When an employee resigns, they are generally required to give their employer a notice period. During this time, their employment continues as usual, with entitlements to salary, benefits, and leave accruals remaining intact. However, employers have some flexibility in managing this period.
Before making any decisions, employers should review the terms of any applicable award, registered agreement, or employment contract.
In this article, we’ll clarify the key differences between pay in lieu of notice and gardening leave, and outline employers’ obligations for each option.
Managing the Notice Period
Employers can approach the notice period in several ways:
- Allow the employee to work through the notice period
- Opt to pay out the notice period (pay in lieu of notice), or
- Use a combination of both.
Pay in Lieu of Notice
When an employer chooses to terminate employment immediately without requiring the employee to work through their notice period, this is called pay in lieu of notice. The employer must pay the employee the full amount they would have received if they had worked until the end of the notice period. This amount includes:
- Incentive-based payments and bonuses
- Loadings
- Monetary allowances
- Overtime and penalty rates
- Any other identifiable payments.
It’s important to note that the employee’s employment officially ends on the date payment is made, and they no longer accrue entitlements, such as annual leave.

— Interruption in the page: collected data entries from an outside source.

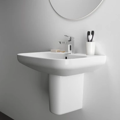 Der Ideal Standard Waschtisch aus der Serie Ideal Standard i.life A präsentiert sich in einer organischen Form, die Raum für Ihr Wohlbefinden schafft und sich jeder Stilrichtung anpassen kann.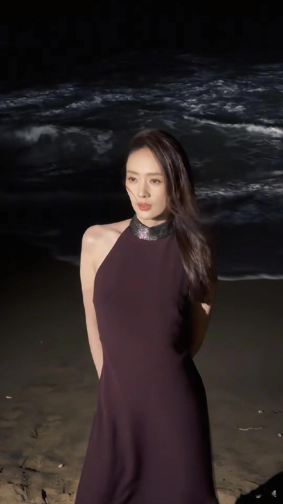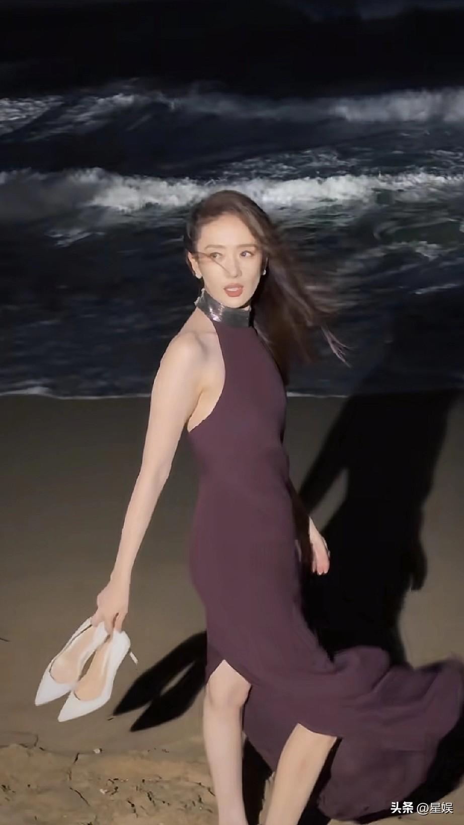 童谣紫色裙子,提着高跟鞋在海边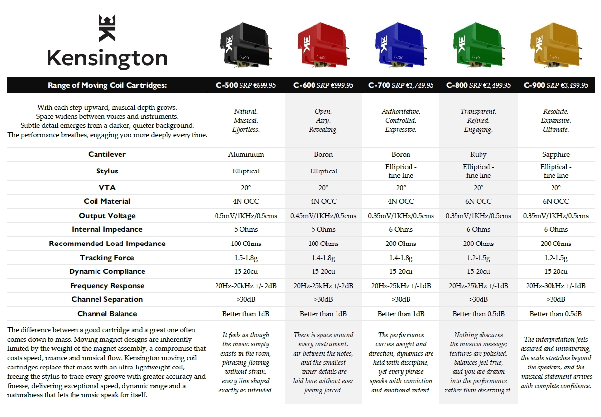 Η Kensington Audio C-800 ειναι κεφαλη MC (κινητου πηνιου) χαμηλης εξοδου (0.35mV) με ruby cantilever και coils με χαλκο 6Ν. Η βελονα ειναι ελλειπτικη fine line.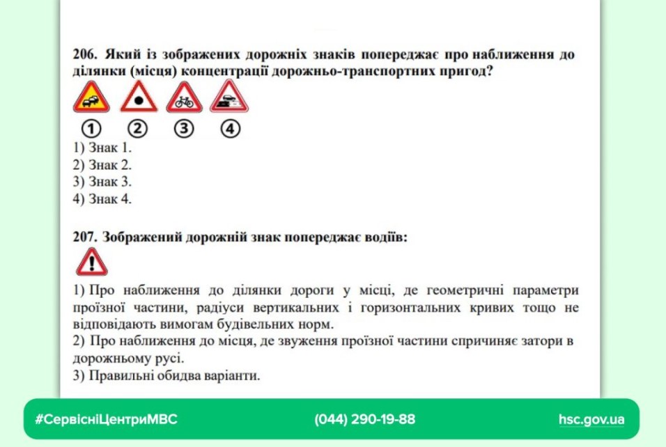 Дорожні знаки: змінено питання № 206 та № 207, щоб точніше пояснити значення знаків, що попереджають про небезпечні ділянки дороги.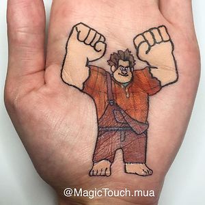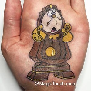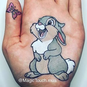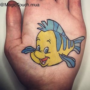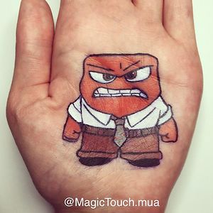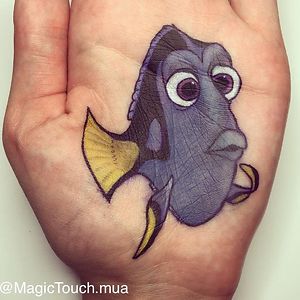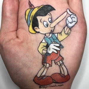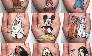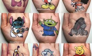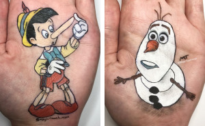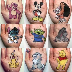 I draw cartoon characters on the palm of my hand with make up/ body art.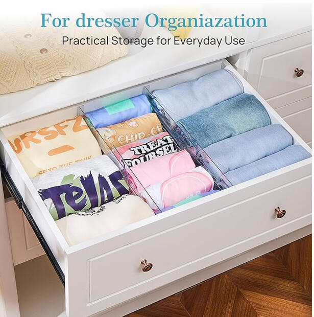 Keeps stacked clothing neat and separated so piles don’t collapse.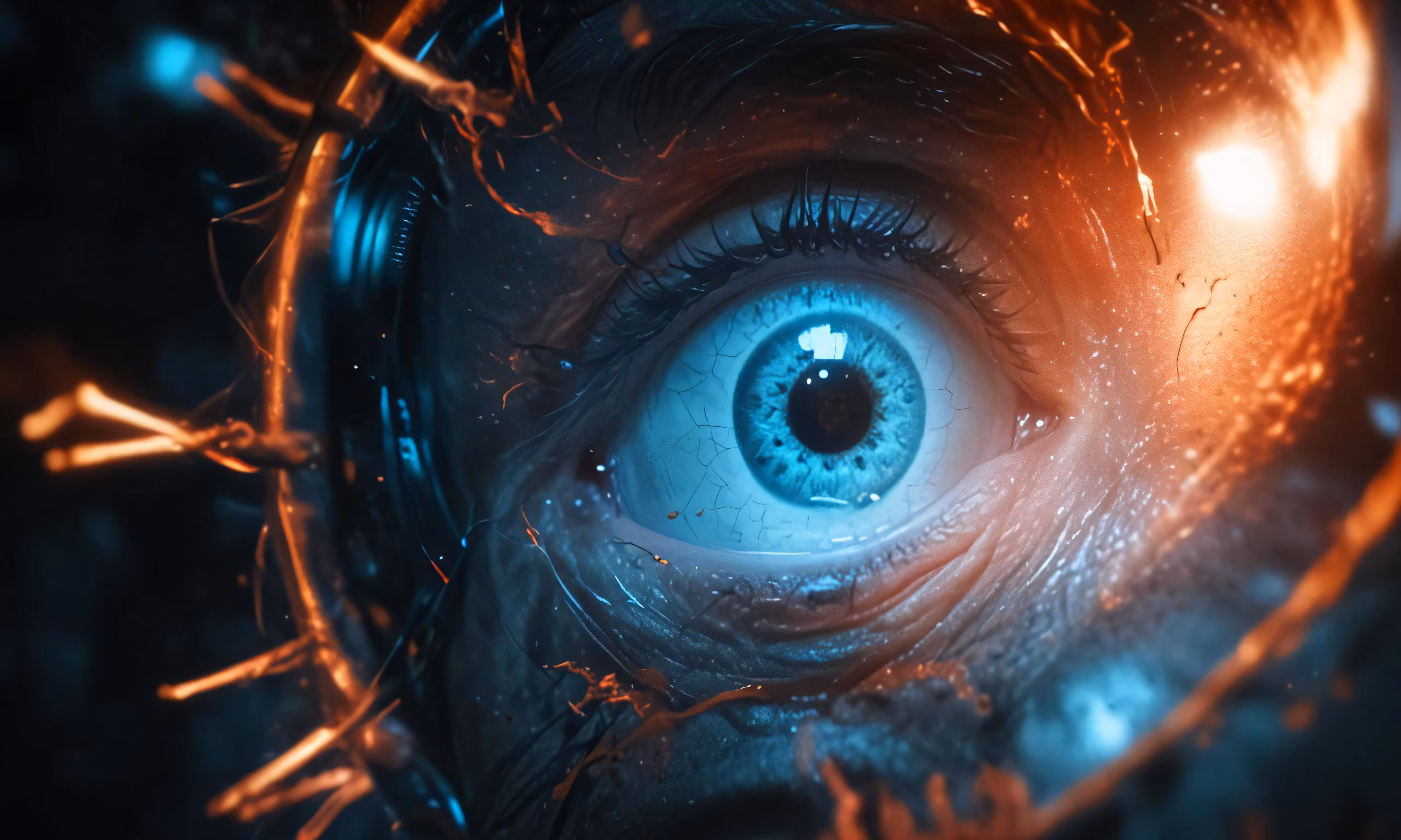 High resolution picture, free to use, the official logo for the 50 /a blue eye with glowing orange streaks in it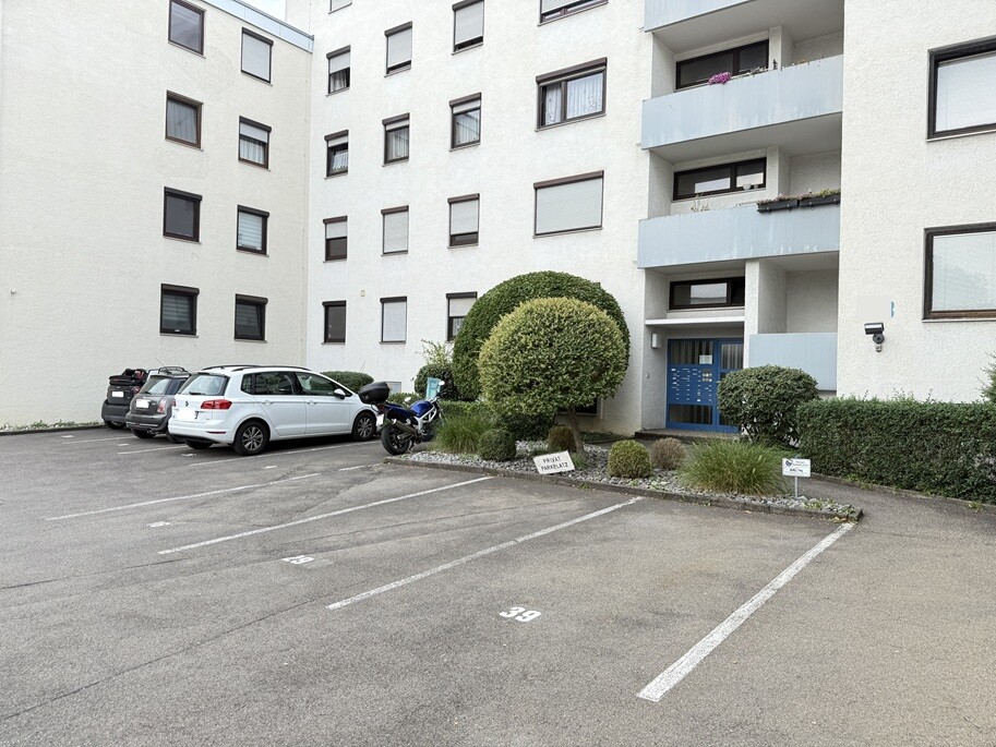 Eine exzellente Parkmöglichkeit bietet der Außenstellplatz direkt vor dem Hauseingang.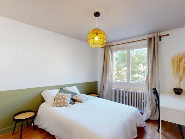 🛌 LA CHAMBRE La chambre 3 se compose d'un lit double, d'un bureau, de deux tables de chevet et d'une commode de rangement. 🏠 LES ESPACES COMMUNS L’appartement se compose d’une cuisine indépendante, d’un séjour, d’une salle d’eau commune, d’un WC indépendant ainsi que de quatre chambres. La cuisine est très bien équipée (Four, frigidaire, plaques de cuisson, hotte, rangements, etc.), et dispose d’une machine à laver et d’un lave-vaisselle. Le salon a été agencé avec du mobilier de goût et se compose d’un canapé, d’une table basse, d’un tapis, d’un meuble TV, d’une TV, d’une lampe et d’un espace salle à manger muni d’une table avec plateau en marbre et un banc d’angle. Plusieurs éléments de décoration et plantes viennent parfaire ces espaces. La salle de bain commune aux quatre chambres et dispose d’un meuble-vasque, et d’une douche.

If no part of the notice period is paid out, the employee remains employed until the notice period expires. Employment cannot end earlier than the date notice is provided.
Payments made in lieu of notice are classified as Employment Termination Payments (ETPs) and are subject to superannuation.
Gardening Leave
Gardening leave, by contrast, occurs when the employer keeps the employee on payroll during the notice period but directs them not to work. This is often used to protect sensitive business information or prevent the employee from starting a new role with a competitor. Gardening leave must be outlined in the employee’s contract to be enforceable.
During gardening leave:
- The employee remains employed but is not required to attend the workplace.

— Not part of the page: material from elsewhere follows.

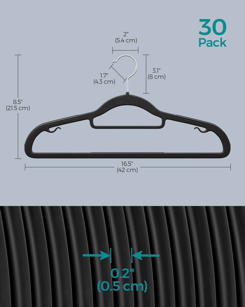 Total Weight of 30 Hangers: 5.7 lb (2.6 kg)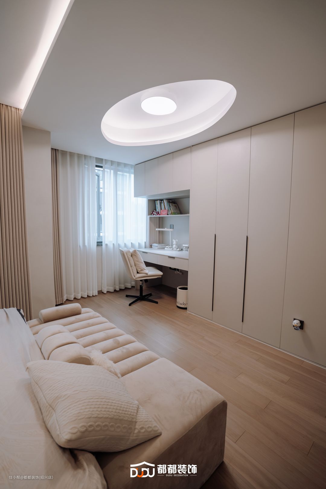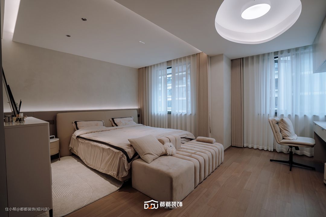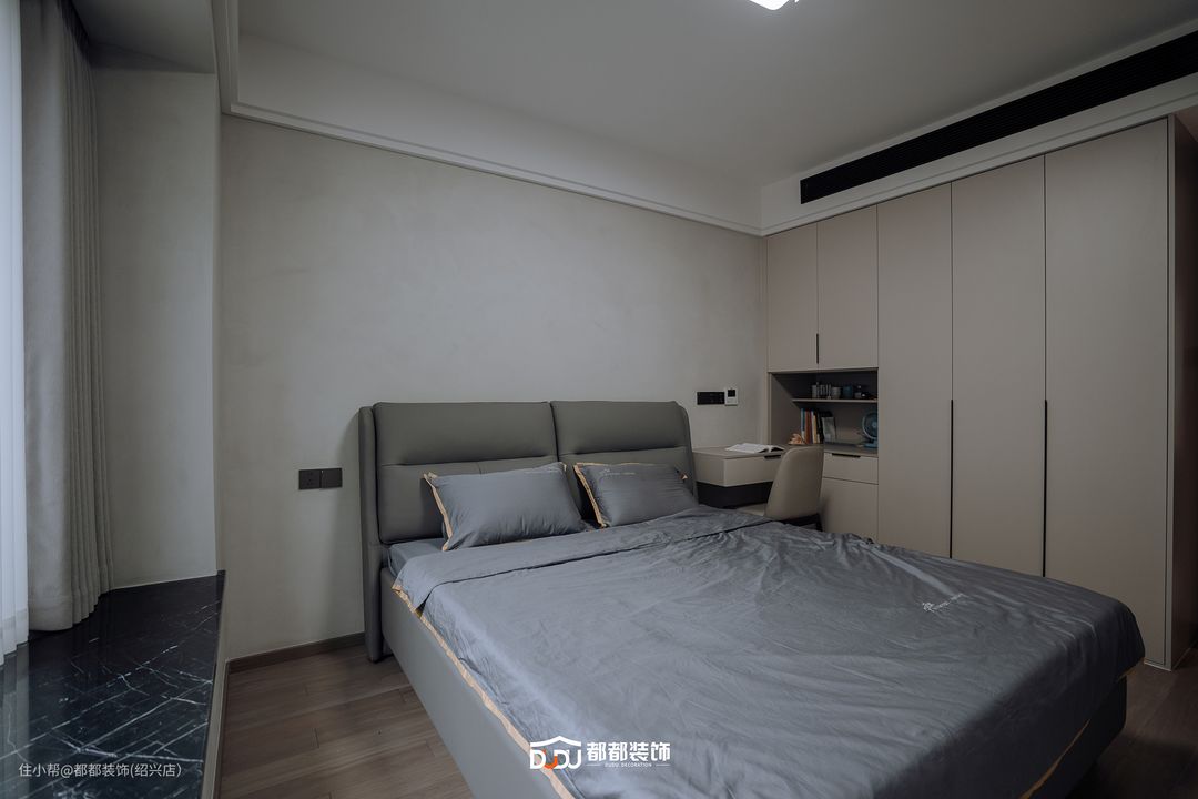 主卧以奶油杏色为主基调,半墙木饰面背景搭配软包床头板,双窗增加采光,一旁摆置同款成品柜,满足空间基本收纳需求。 靠窗打造加长书桌板,实现空间的多功能性,另一侧定制整面衣柜,柜体整体使用浅米色,柔和地洒落室内,轻易享受这样的沉浸式办公/换装体验。

- They continue to receive their usual salary, superannuation, and other benefits, and accrue leave entitlements.
- Payments are treated as regular salary and wages, not as termination payments, and are taxed accordingly.

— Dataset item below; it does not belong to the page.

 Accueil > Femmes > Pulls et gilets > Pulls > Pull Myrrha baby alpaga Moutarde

Even though the employee doesn’t perform work during gardening leave, they are still bound by their employment contract, including any confidentiality obligations or restrictions on taking up new employment. Gardening leave is reported in STP2 as “Other paid leave” (leave type: O).
Key Differences
- Employment Status: During gardening leave, the employee remains employed until the end of the notice period. With pay in lieu of notice, employment ends as soon as the payment is made.
- Entitlements: Employees on gardening leave continue to accrue leave and entitlements, whereas employees paid in lieu of notice stop accruing entitlements once the termination payment is made.
- Payment Type: Gardening leave payments are treated as salary and wages, while pay in lieu of notice is classified as an ETP.
Understanding the differences between pay in lieu of notice and gardening leave is crucial for employers to meet their obligations. Pay in lieu of notice ends employment immediately, with entitlements paid out in one lump sum, while gardening leave keeps the employee on payroll, with ongoing salary and benefits until the notice period ends. Both options provide flexibility, but each comes with distinct responsibilities in terms of payments, tax treatment, and ongoing obligations.